### DATASET RECORDS:
= = = = = = =
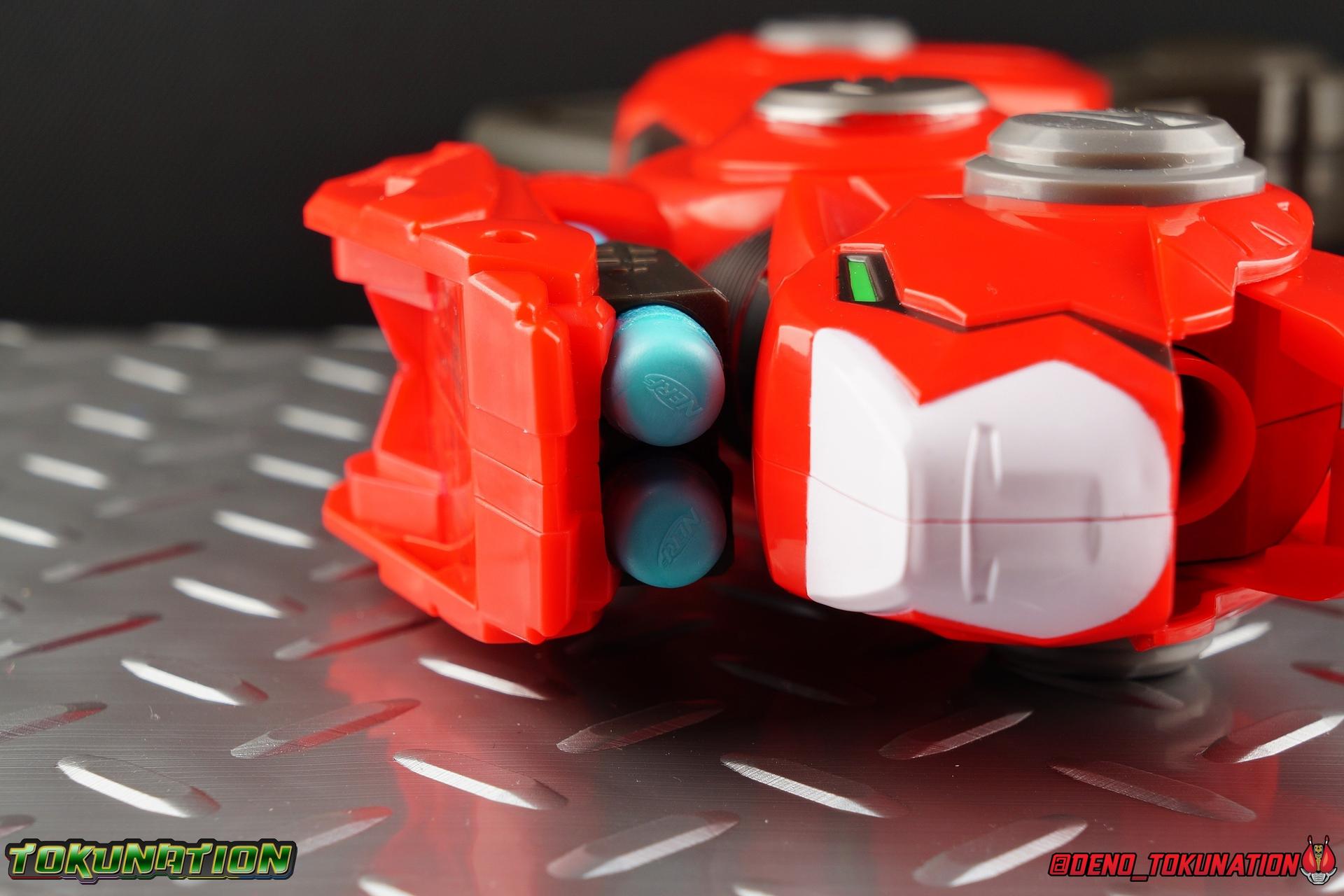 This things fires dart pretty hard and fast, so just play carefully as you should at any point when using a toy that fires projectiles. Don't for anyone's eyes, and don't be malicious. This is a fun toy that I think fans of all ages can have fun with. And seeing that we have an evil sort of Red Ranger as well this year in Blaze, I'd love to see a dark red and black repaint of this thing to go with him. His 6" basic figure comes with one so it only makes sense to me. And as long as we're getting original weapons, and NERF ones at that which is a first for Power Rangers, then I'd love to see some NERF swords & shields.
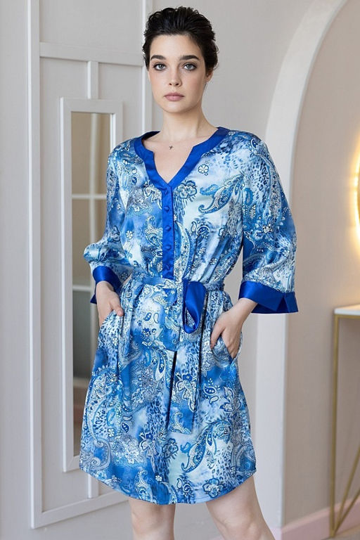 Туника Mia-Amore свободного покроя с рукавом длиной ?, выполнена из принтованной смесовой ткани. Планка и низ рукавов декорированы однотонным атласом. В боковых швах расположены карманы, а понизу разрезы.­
= = = = = = =
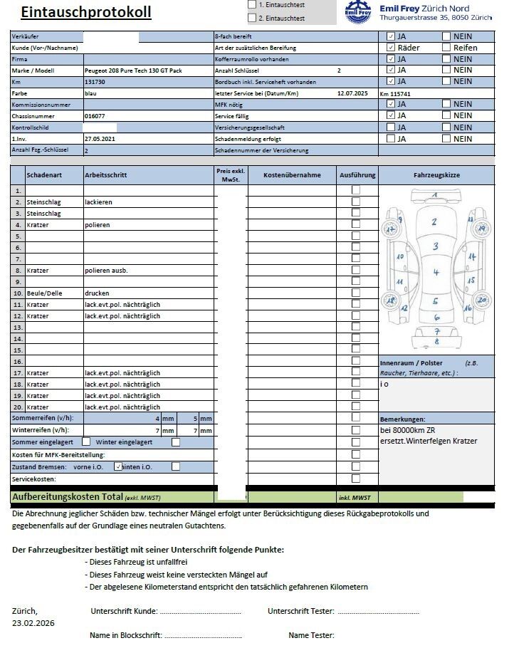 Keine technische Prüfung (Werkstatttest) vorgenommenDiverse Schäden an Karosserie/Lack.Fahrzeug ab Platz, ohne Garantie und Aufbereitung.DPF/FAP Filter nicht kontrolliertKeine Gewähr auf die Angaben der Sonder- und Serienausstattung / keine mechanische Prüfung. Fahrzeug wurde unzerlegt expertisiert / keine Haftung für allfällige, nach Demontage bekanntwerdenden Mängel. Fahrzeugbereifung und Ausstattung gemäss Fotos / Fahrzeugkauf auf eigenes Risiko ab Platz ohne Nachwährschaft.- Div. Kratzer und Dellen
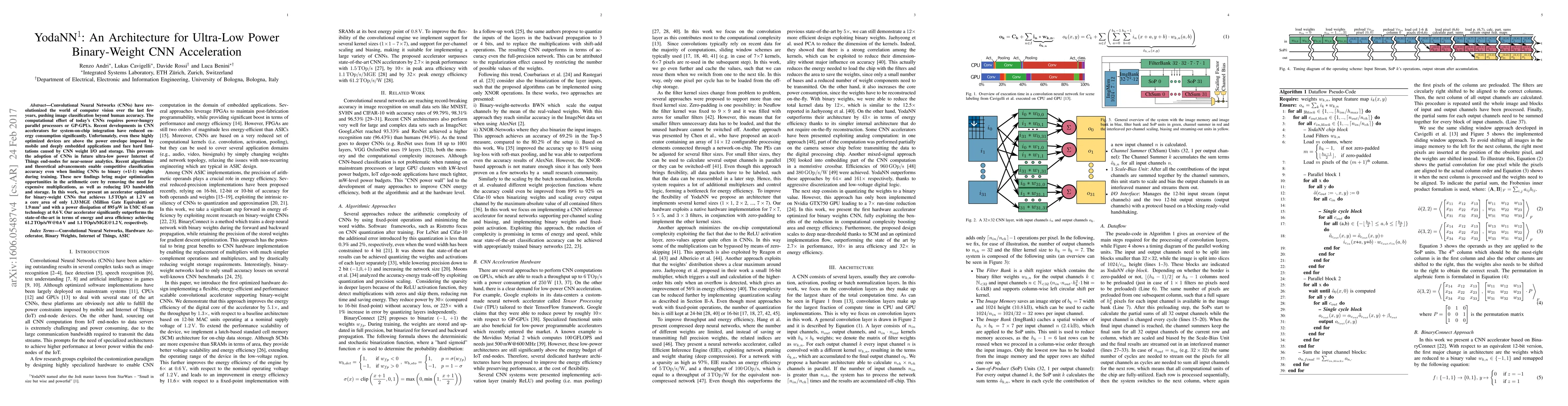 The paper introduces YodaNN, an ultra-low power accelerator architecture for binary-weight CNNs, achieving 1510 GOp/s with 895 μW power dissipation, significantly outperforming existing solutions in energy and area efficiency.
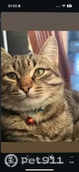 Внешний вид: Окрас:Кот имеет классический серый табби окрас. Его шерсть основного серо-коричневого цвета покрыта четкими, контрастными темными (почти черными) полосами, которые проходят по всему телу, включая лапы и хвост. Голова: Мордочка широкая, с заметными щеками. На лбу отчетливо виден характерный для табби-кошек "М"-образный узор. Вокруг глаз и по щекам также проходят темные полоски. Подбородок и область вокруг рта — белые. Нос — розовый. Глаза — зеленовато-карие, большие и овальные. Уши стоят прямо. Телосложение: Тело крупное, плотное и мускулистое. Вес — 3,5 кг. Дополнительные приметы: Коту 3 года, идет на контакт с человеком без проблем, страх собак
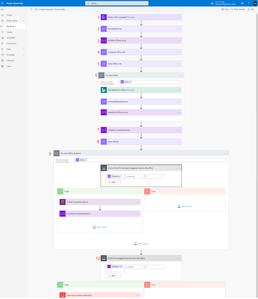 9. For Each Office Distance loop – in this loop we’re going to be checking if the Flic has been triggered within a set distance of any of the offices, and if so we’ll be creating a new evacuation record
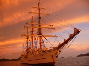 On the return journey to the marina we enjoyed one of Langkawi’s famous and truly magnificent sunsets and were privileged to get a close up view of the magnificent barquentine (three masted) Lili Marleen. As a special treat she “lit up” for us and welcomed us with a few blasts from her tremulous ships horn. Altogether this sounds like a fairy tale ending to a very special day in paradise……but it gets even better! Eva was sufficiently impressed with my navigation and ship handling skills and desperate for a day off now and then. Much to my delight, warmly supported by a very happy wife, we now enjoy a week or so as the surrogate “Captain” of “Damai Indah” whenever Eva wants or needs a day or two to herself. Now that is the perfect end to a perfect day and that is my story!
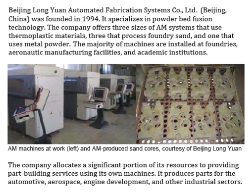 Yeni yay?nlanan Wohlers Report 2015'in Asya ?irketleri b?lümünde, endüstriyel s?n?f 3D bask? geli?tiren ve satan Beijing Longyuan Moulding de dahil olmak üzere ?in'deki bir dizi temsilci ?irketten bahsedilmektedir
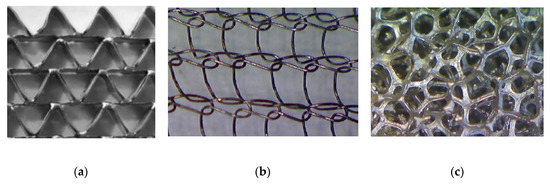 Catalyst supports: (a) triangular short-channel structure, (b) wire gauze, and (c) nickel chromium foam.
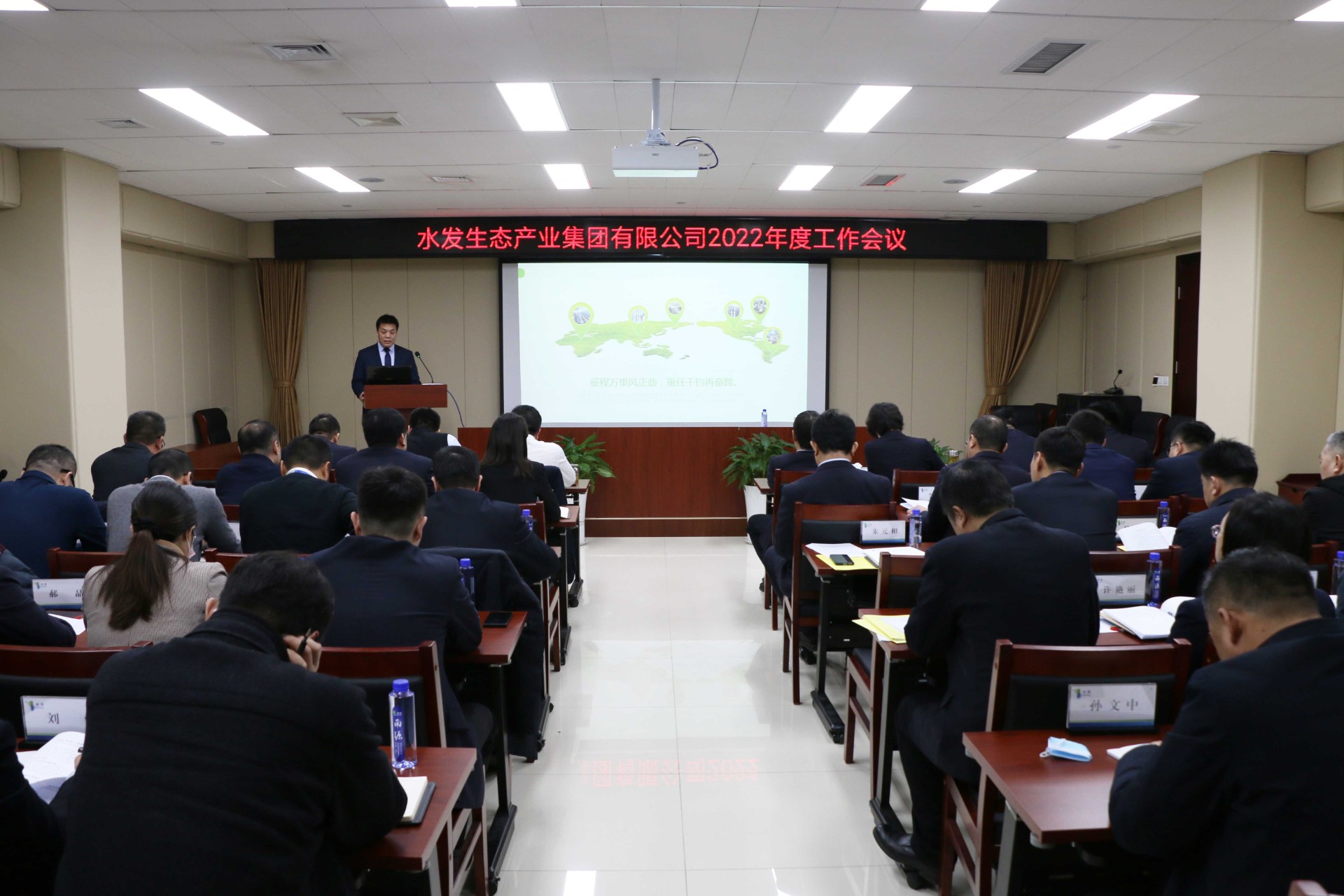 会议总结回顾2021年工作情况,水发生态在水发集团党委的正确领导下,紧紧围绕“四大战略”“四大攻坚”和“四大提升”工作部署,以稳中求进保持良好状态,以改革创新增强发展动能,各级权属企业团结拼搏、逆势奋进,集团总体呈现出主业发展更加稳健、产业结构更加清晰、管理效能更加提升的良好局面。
= = = = = = =
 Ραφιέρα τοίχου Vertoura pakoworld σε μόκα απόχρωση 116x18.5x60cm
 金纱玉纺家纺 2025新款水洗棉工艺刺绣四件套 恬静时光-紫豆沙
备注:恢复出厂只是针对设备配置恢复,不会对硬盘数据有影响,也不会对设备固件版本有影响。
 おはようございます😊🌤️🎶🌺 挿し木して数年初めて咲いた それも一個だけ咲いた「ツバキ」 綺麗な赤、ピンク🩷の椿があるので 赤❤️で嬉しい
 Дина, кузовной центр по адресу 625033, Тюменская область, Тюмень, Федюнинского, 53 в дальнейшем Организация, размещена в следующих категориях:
= = = = = = =
### PROBLEM TO WORK ON:
Starting with the line above that holds "金纱玉纺家纺 2025新款水洗棉工艺刺绣四件套 恬静时光-紫豆沙" and stopping with the line that holds "Дина, кузовной центр", reproduce each line exactly, omitting all other lines.

### ANSWER BELOW:
 金纱玉纺家纺 2025新款水洗棉工艺刺绣四件套 恬静时光-紫豆沙
备注:恢复出厂只是针对设备配置恢复,不会对硬盘数据有影响,也不会对设备固件版本有影响。
 おはようございます😊🌤️🎶🌺 挿し木して数年初めて咲いた それも一個だけ咲いた「ツバキ」 綺麗な赤、ピンク🩷の椿があるので 赤❤️で嬉しい
 Дина, кузовной центр по адресу 625033, Тюменская область, Тюмень, Федюнинского, 53 в дальнейшем Организация, размещена в следующих категориях:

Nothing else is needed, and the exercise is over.